# New problem with Gaggia new Baby - with video!



## bigstick (Sep 6, 2014)

I'm hoping that some of the forum gurus can help me with this.

Until a couple of days ago, my machine was working just fine. I have been using pre-ground coffee (a necessary evil until I get a proper grinder) but I've been getting crema and reasonable results, all things considering.

Recently however, I have been getting a problem getting a shot that's even barely acceptable.

The water is pouring out of the brew head far too quickly, see here. The shot that comes out looks nothing like espresso, it looks like filter coffee. Here's what happens when I try to produce a shot. You can see that water comes out of the brewed after stopping, and the coffee puck is soaking wet.

When I empty the portafilter, the puck of coffee is wet, the top surface looks a bit slimy, and the residue is also wet.

I recently had to clean the solenoid valve. Milk froths fine, and the switches all do what they ought.

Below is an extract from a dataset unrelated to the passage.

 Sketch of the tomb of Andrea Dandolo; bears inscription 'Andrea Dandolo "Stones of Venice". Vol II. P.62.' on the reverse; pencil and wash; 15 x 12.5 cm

I'm doing nothing differently to what I used to, but this excessive water problem is new. I have a proper tamper and a new brew head seal and screen.

Does anyone have an idea what might be wrong?


----------



## El carajillo (Mar 16, 2013)

Perhaps your solenoid valve had a "partial" blockage for quite a time and it was restricting the flow until you cleaned it.

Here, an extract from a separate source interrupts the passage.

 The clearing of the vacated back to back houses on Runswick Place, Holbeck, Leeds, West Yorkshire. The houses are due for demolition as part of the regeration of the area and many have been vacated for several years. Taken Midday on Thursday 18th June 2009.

Fast flow is normal with pre ground, especially if it is stale / old /dry. Have you checked the brew pressure with a gauge?


----------



## bigstick (Sep 6, 2014)

I haven't checked the pressure, I plan to do that. My wife has banned me from eBay for the moment









And Amazon, and all online shopping sites...

I don't think your view sounds right. It doesn't seem logical that it only brewed properly with a dry puck, because the solenoid was partially blocked. That fails the 'common sense test' to me.

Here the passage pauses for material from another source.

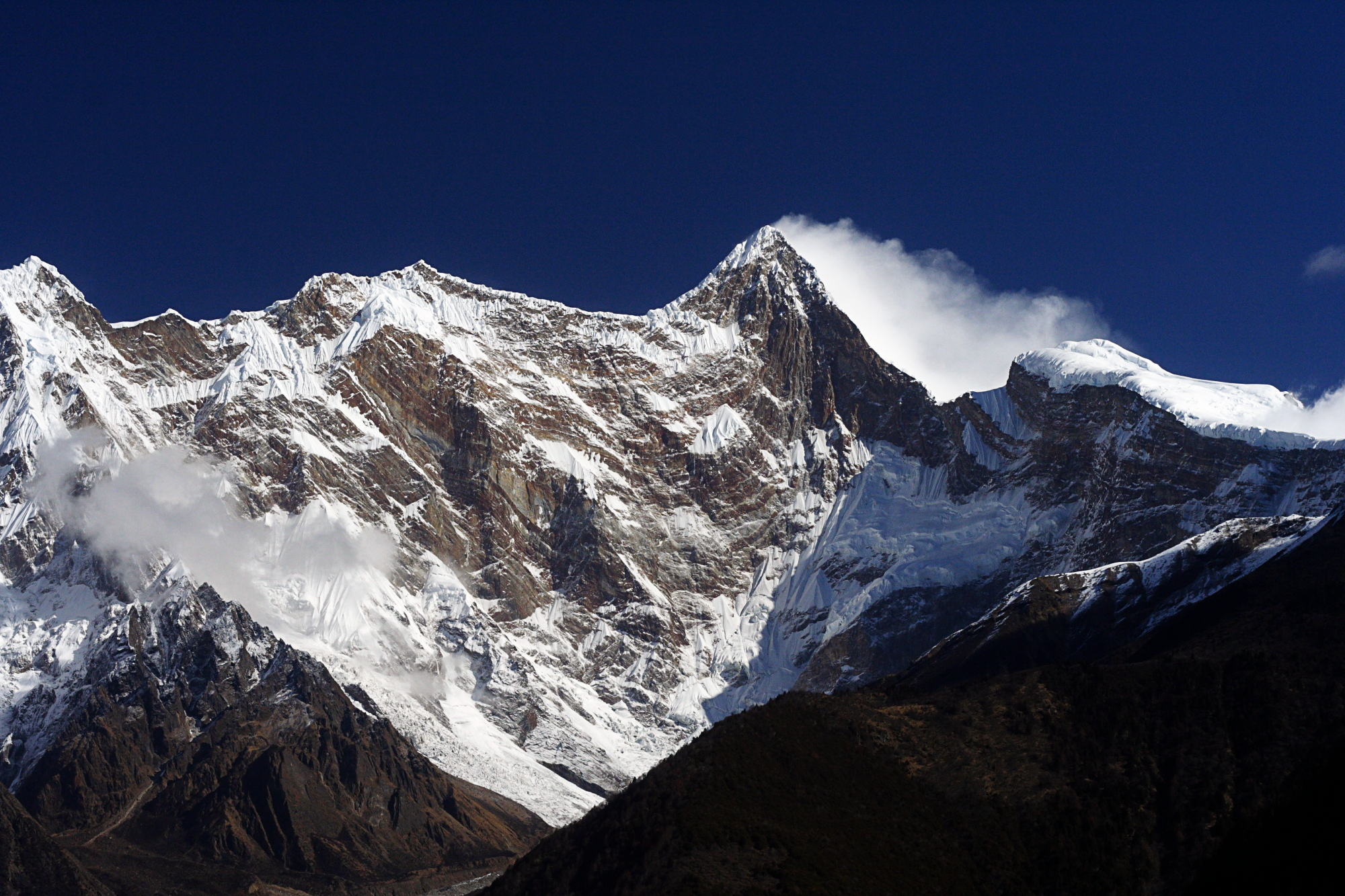 Namcha Barwa from the west, seen from the Zhibai observation platform, Tibet, China

There's clearly too much water in the puck, and the fact that the water isn't sitting off completely seems suspicious too.

But - perhaps you're right, let's see what others say.


----------



## cracker666 (Jan 17, 2015)

Have you been using the same brand coffee, how are you measuring the dose.

Do you tamp.

Mine only did this when too course and naff tamping.


----------



## bigstick (Sep 6, 2014)

No, as I say, I'm doing everything the same as normal. It's nothing I'm doing differently.

This is a recent problem. It has been working fine for months.


----------



## cracker666 (Jan 17, 2015)

Ok you mention you had to clean the sol valve.

What method did you employ.


----------



## cracker666 (Jan 17, 2015)

Ideally you need to check the pressure from the pump.

Get your self a gauge and test. Stage 1.


----------



## Dylan (Dec 5, 2011)

There is a great guide from marcuswar on making a simple pressure gauge from a blanking basket, you will need a naked PF however for this one.

http://coffeeforums.co.uk/showthread.php?17102-Making-a-pressure-test-gauge-using-a-single-basket

There are a couple of gauges in the Payitforward forum, not sure if they are still doing the rounds however.


----------



## cracker666 (Jan 17, 2015)

There is some doing the rounds for opv mods.

For a donation you can borrow one.

Its in the pass it on


----------



## bigstick (Sep 6, 2014)

Bit of poking around the holes with a thin wire, blowing and flushing with lots of water!

It wasn't that clogged, that I could see, but it wasn't working before and is now. It worked just fine until a couple of days ago.

One thing I'm doing now is letting the machine warm up for 15 minutes before I use it. I read somewhere recently that it was the right thing to do.


----------



## El carajillo (Mar 16, 2013)

Depending on where and what you "poked" with the wire, you could have damaged a seal inside the S/V. Your blowing through would have little or no effect as the pressure from the pump is about 15 bar = 221 psi. I would suggest you remove the S/V and disassemble to examine the components.


----------



## MartinB (May 8, 2011)

I've read that the machine should be pumping circa 600-660ml of water per minute.

Remove the portafilter, put a measuring jug under the group head and get timing!


----------



## bigstick (Sep 6, 2014)

I did try to poke about very carefully, and took the solenoid valve apart as far as I could. I would be surprised if I lost a seal, because I have removed those before and they aren't loose.

Thanks for the information about the water volume/flow rate, I'll check that!


----------



## bigstick (Sep 6, 2014)

Update, the flow rate was spot on, so no specific problem with the machine.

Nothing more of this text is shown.